Le Premier ministre italien Giuseppe Conte lors d'une session au Sénat, la chambre haute du Parlement, sur la propagation du coronavirus, à Rome, Italie, le 26 mars 2020.

Le Premier ministre italien Giuseppe Conte a remis mardi sa démission au chef de l'Etat Sergio Mattarella, espérant avoir la possibilité de former une nouvelle coalition et de reconstituer sa majorité parlementaire.

L'aggravation de la crise politique se déroule sur fond de pandémie qui a tué plus de 85 000 Italiens, soit le deuxième plus grand nombre de décès en Europe après le Royaume-Uni et le sixième plus grand nombre dans le monde.

Au pouvoir depuis 2018, M. Conte, 56 ans, a perdu sa majorité absolue au Sénat la semaine dernière lorsqu'un parti allié, Italia Viva dirigé par l'ancien Premier ministre Matteo Renzi, a claqué la porte à cause d’un conflit sur la gestion de la riposte au coronavirus et sur le ralentissement économique.

Le président Mattarella entamera dès mercredi des consultations avec les chefs de partis, a indiqué son bureau dans une déclaration.

Si M. Mattarella pense que M. Conte peut obtenir le soutien nécessaire pour mettre en place une nouvelle administration, le président lui donnera probablement quelques jours pour essayer de finaliser un accord et d’établir une nouvelle équipe ministérielle.

Jusqu'à présent, les principaux partis de la coalition, le Mouvement 5 étoiles et le Parti démocratique (PD) de centre-gauche, ont soutenu les efforts de M. Conte pour rester au pouvoir.
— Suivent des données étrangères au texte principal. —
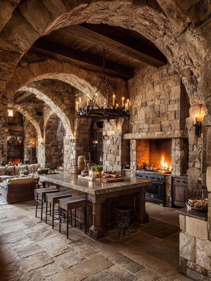 Rough stone walls create a naturally dramatic backdrop in this rustic kitchen, complemented by traditional timberwork and warm earthy finishes. Metal accents and soft lighting elevate the rugged textures, resulting in a space that feels both grounded and luxuriously handcrafted.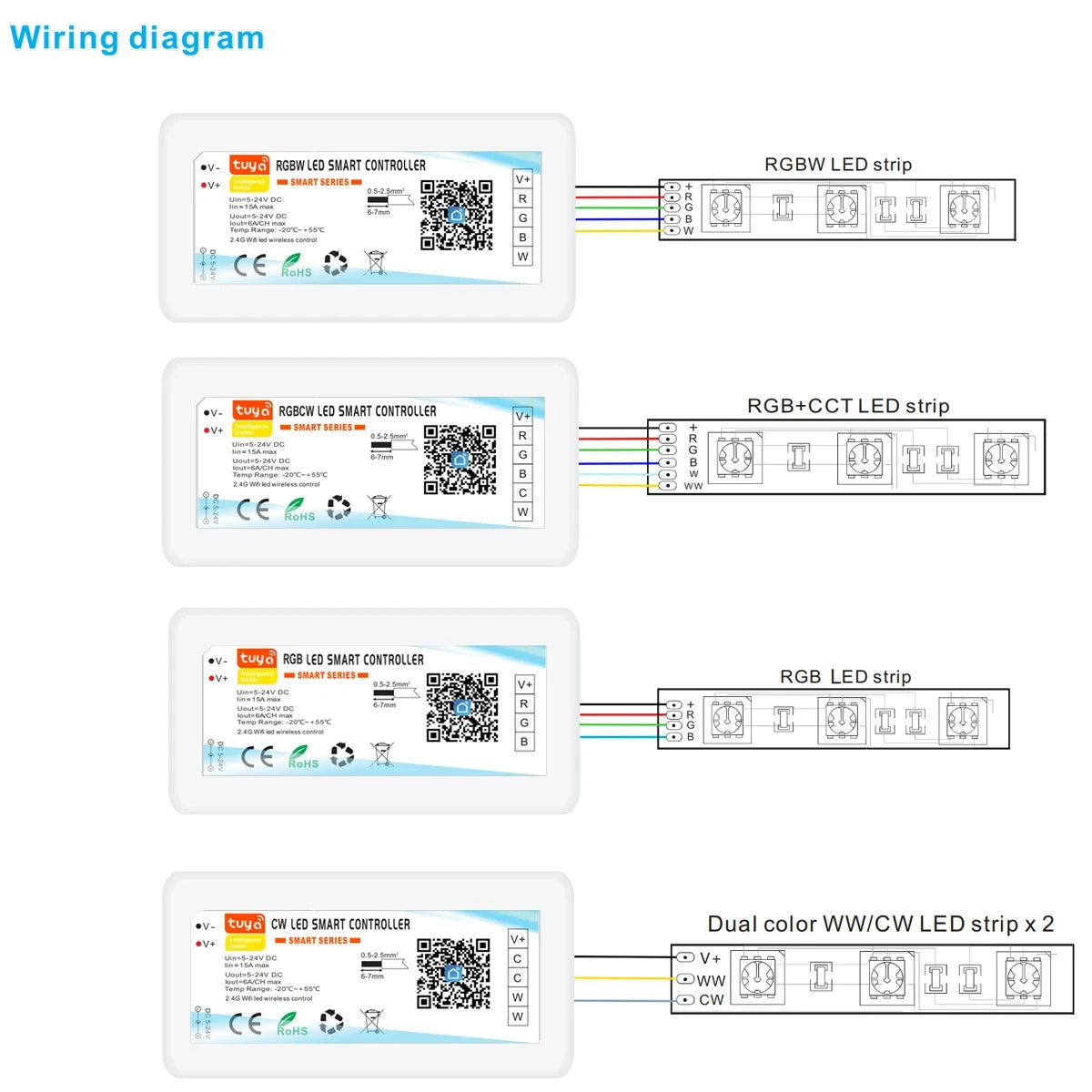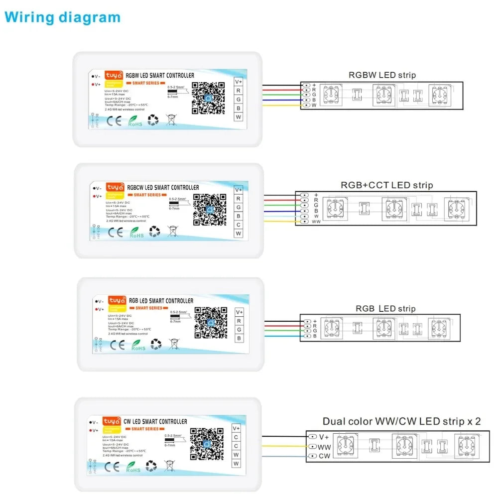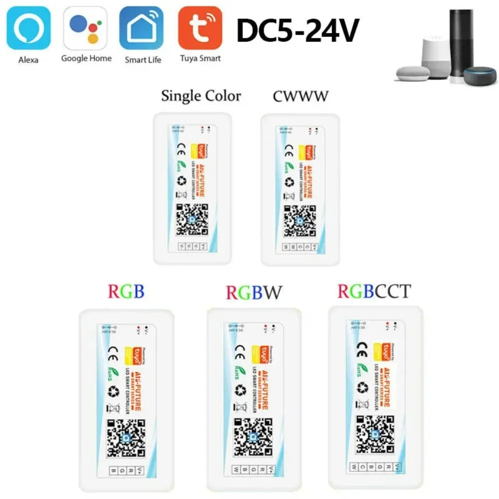 Controlador LED Tuya WiFi 12-24V – Compatible con Alexa y Google Assistant
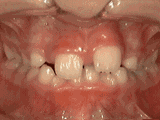 開合,即使閉嘴,上下牙齒也不接觸,留出空隙,經(jīng)過矯正后的牙齒是這樣的~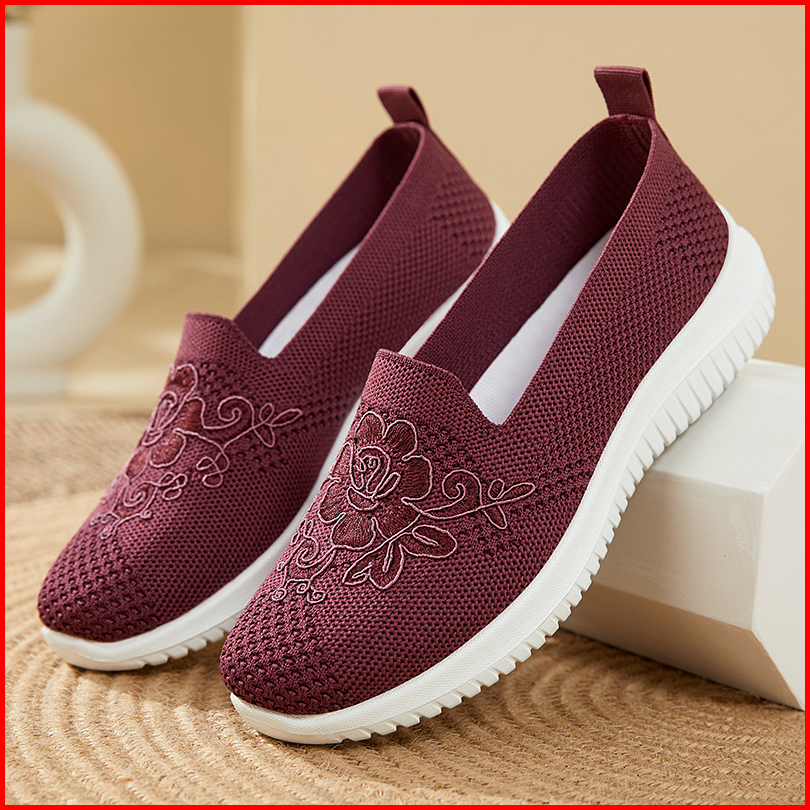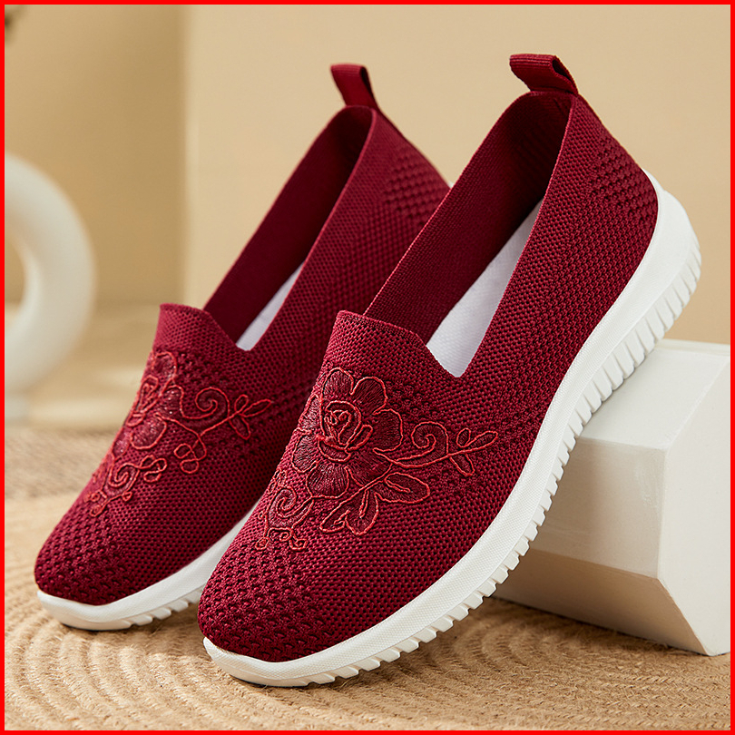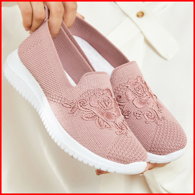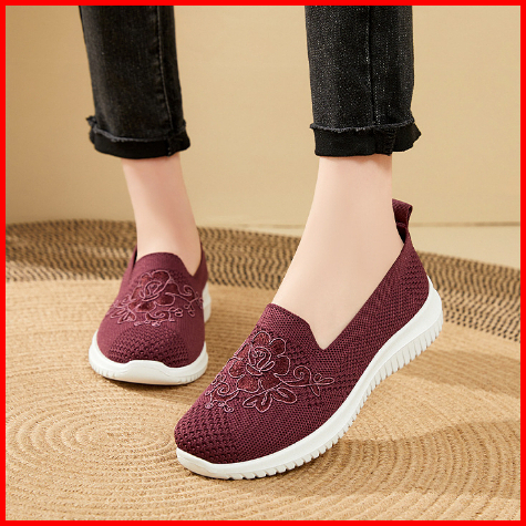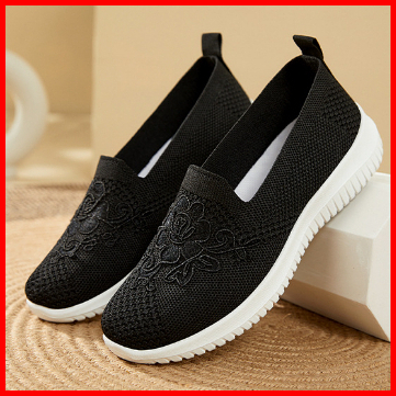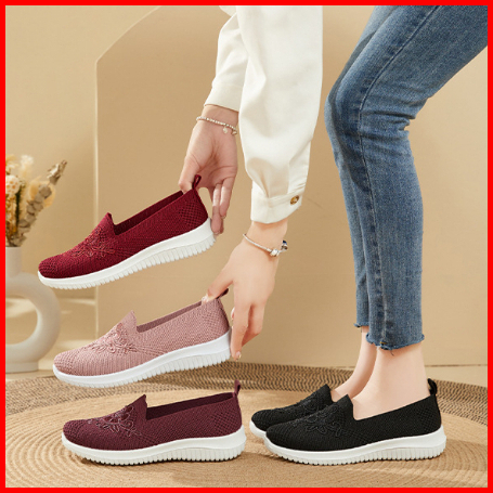 Sepatu Wanita Sneakers Rajut Import Flat Shoes Slip On Sol Karet Putih Anti Licin Kotak Box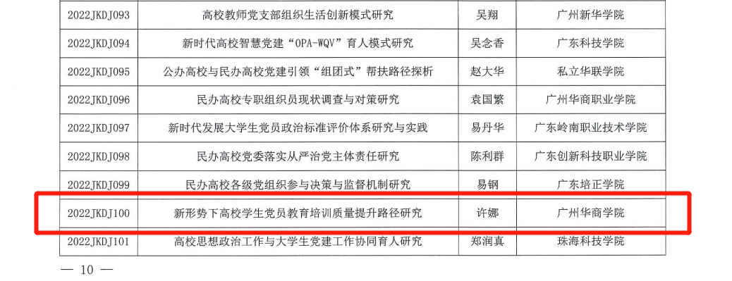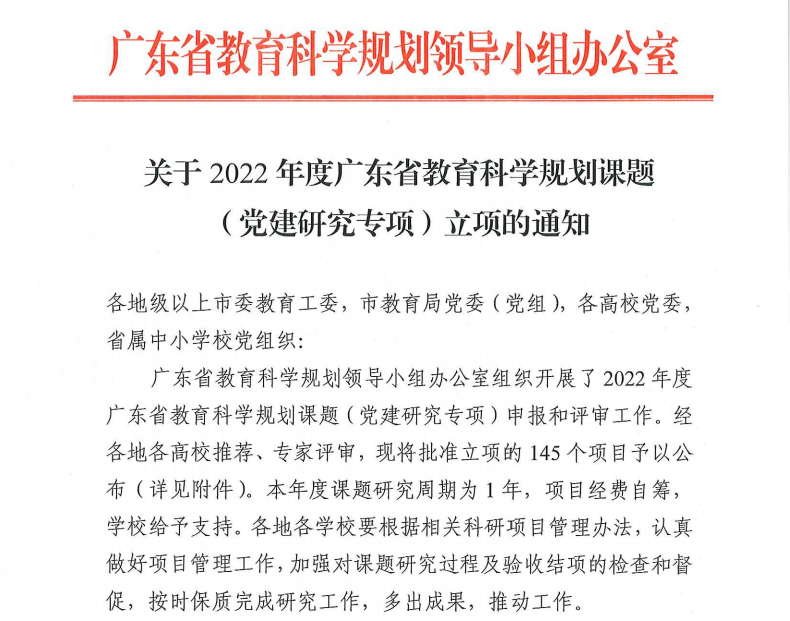 2022年5月12日,广东省教育科学规划领导小组办公室公布了2022年度省教育科学规划课题(党建研究专项)立项名单,威廉希尔williamhill中文学生处许娜处长申报的《新形势下高校学生党员教育培训质量提升路径研究》(项目编号:2022JKDJ100)项目获批立项。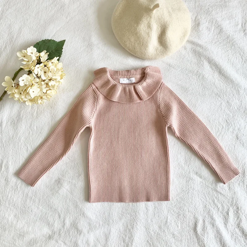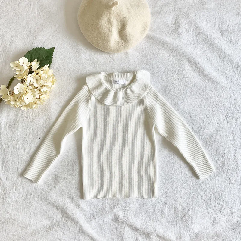 Детский трикотажный свитер в рубчик, с оборками на воротнике

Des élections anticipées ?

Cependant, si M. Conte ne peut pas trouver de nouveaux alliés, le président Mattarella devra trouver un autre candidat capable de former une coalition viable.

Si cette option échoue, le président devra convoquer des élections deux ans avant la date prévue. Les analystes politiques pensent que c'est le scénario le moins probable.

La crise du coronavirus en Italie a déclenché la pire récession depuis la Seconde Guerre mondiale et le gouvernement s'efforce de mettre au point un plan sur la meilleure façon de dépenser quelque 200 milliards d'euros (240 milliards de dollars) de fonds de l'Union européenne pour aider l'économie à se redresser.

M. Renzi a accusé M. Conte de manquer de vision stratégique, affirmant qu'il risquait de gaspiller la manne sans précédent de l'UE.